Stored data:

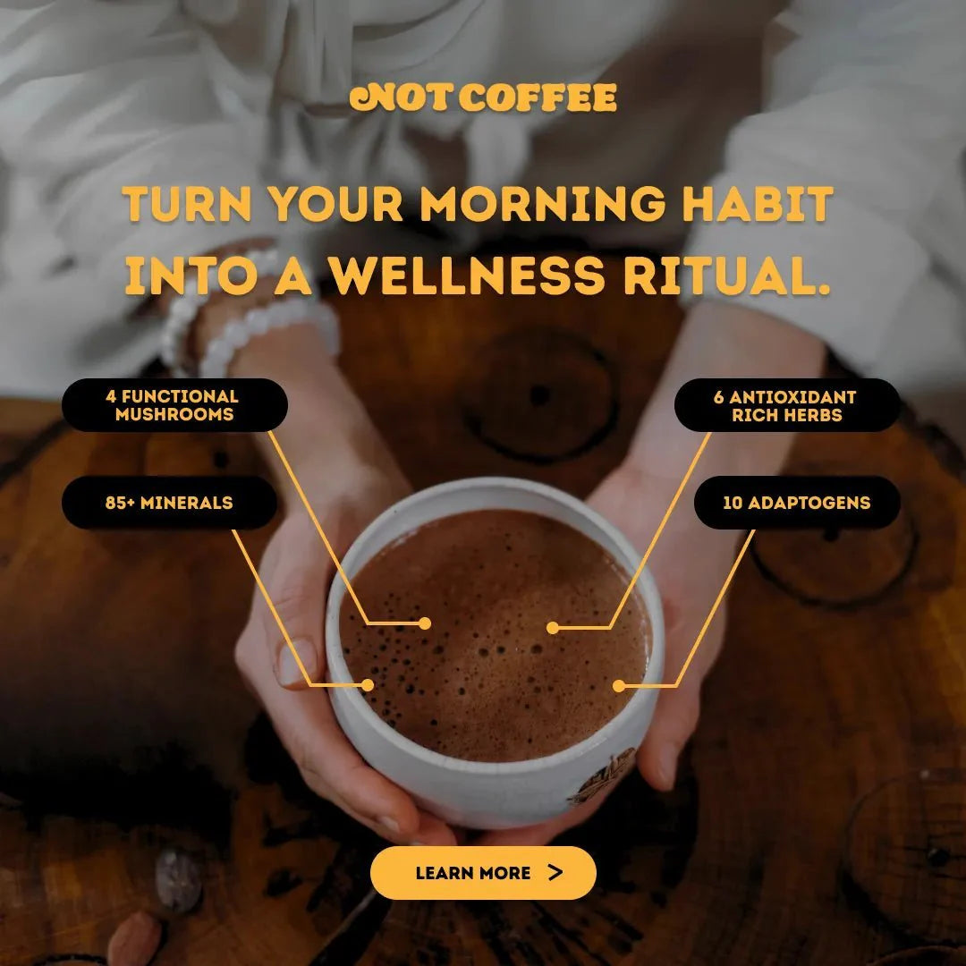 The award-winning coffee replacement, NOT COFFEE is a powerhouse of sustainable energy, focus, and immunity, without the jitters and caffeine crash you expect from coffee.
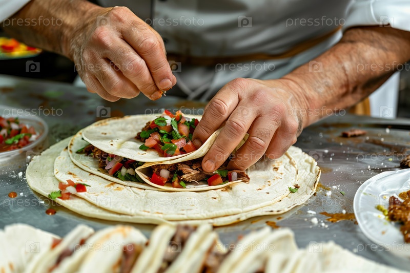 Шеф-повар умело готовит свежие тако с яркими начинками, демонстрируя мастерство мексиканской кухни в профессиональной кулинарии
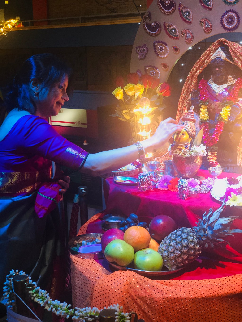 Another example of a museum allowing use of an object by a community is at the Oriental Museum in Durham, England. A bronze statue of the goddess Lakshmi has been used in recent years by the local Hindu community for the Diwali festival of lights, taking place at the museum itself. The statue is surrounded with flowers, herbs and spices, and is anointed with organic substances. Hundreds of Hindu and non-Hindu people attend this event, bringing visibility to Hindu practices and the material culture connected to it within the museum. An event such as this with an object from the collection at the center sends a message to those who attend. A message that this space is not just for artefacts and academics, but is also for them as people and for their community. With an event like Diwali being held at the museum and conducted by local Hindus, the space is transformed into a place where a culture’s objects and practices are embraced all at once.
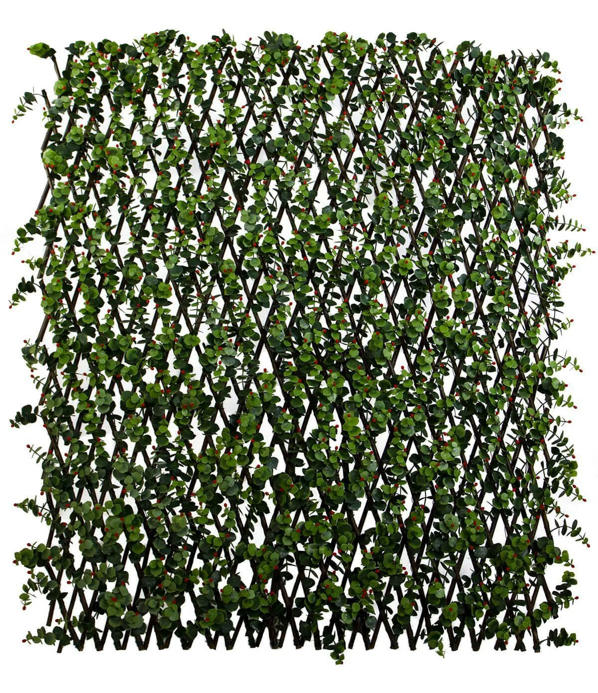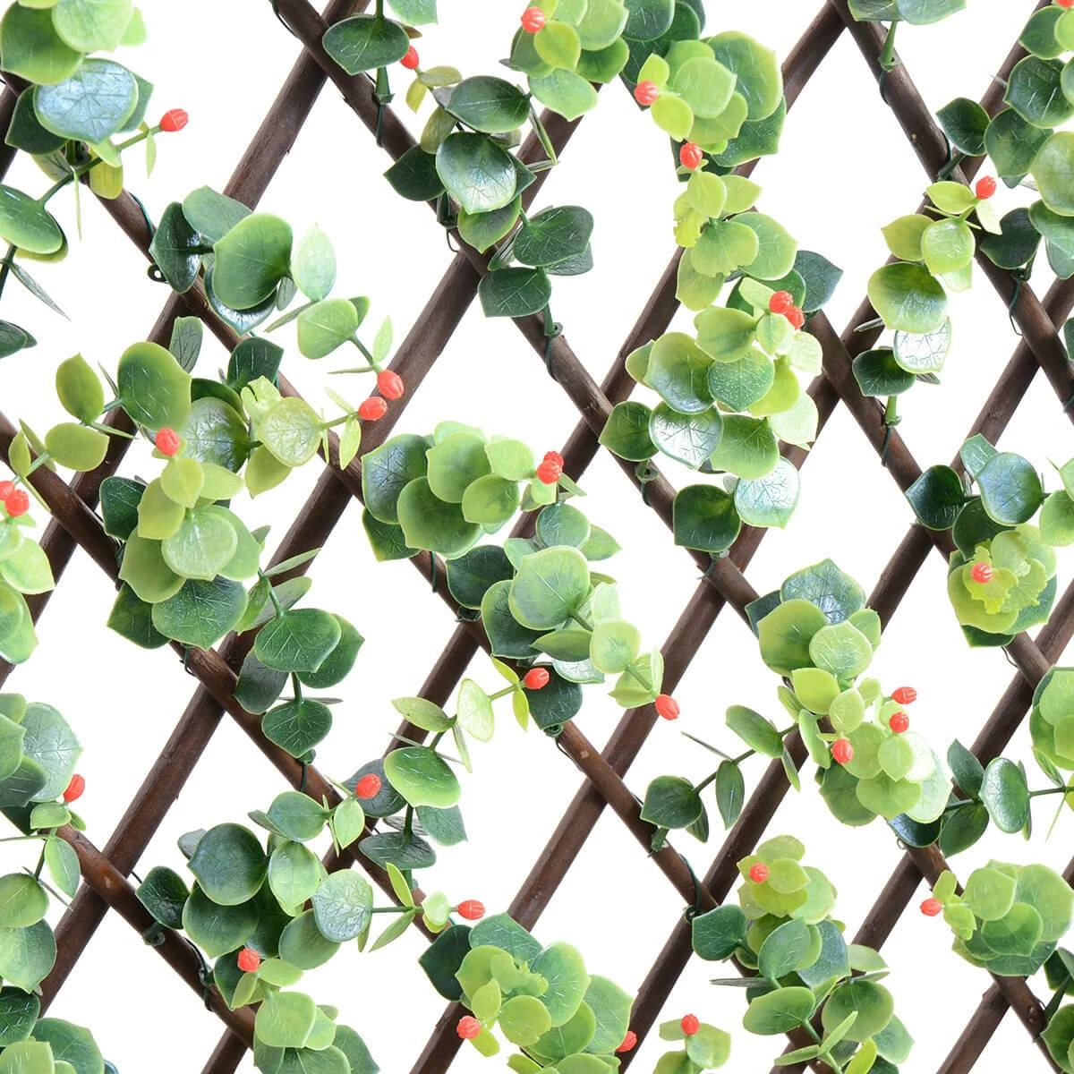 This Expandable Trellis features lush, artificial ilex leaves dotted with red berries. The lattice is made of natural willow and effortlessly expands or contracts to fit any space up to 8.5® long. Use the lattice at a wedding reception or ceremony, or use it to decorate the wall of a home office. The greenery is UV stable and will withstand up to five years of full sun. This trellis also comes in two other styles: boxwood, and ilex leaves with yellow berries.

Assigned task: Would you return all of the data above word for word, omitting every picture?

Expected answer:
 The award-winning coffee replacement, NOT COFFEE is a powerhouse of sustainable energy, focus, and immunity, without the jitters and caffeine crash you expect from coffee.
 Шеф-повар умело готовит свежие тако с яркими начинками, демонстрируя мастерство мексиканской кухни в профессиональной кулинарии
 Another example of a museum allowing use of an object by a community is at the Oriental Museum in Durham, England. A bronze statue of the goddess Lakshmi has been used in recent years by the local Hindu community for the Diwali festival of lights, taking place at the museum itself. The statue is surrounded with flowers, herbs and spices, and is anointed with organic substances. Hundreds of Hindu and non-Hindu people attend this event, bringing visibility to Hindu practices and the material culture connected to it within the museum. An event such as this with an object from the collection at the center sends a message to those who attend. A message that this space is not just for artefacts and academics, but is also for them as people and for their community. With an event like Diwali being held at the museum and conducted by local Hindus, the space is transformed into a place where a culture’s objects and practices are embraced all at once.
 This Expandable Trellis features lush, artificial ilex leaves dotted with red berries. The lattice is made of natural willow and effortlessly expands or contracts to fit any space up to 8.5® long. Use the lattice at a wedding reception or ceremony, or use it to decorate the wall of a home office. The greenery is UV stable and will withstand up to five years of full sun. This trellis also comes in two other styles: boxwood, and ilex leaves with yellow berries.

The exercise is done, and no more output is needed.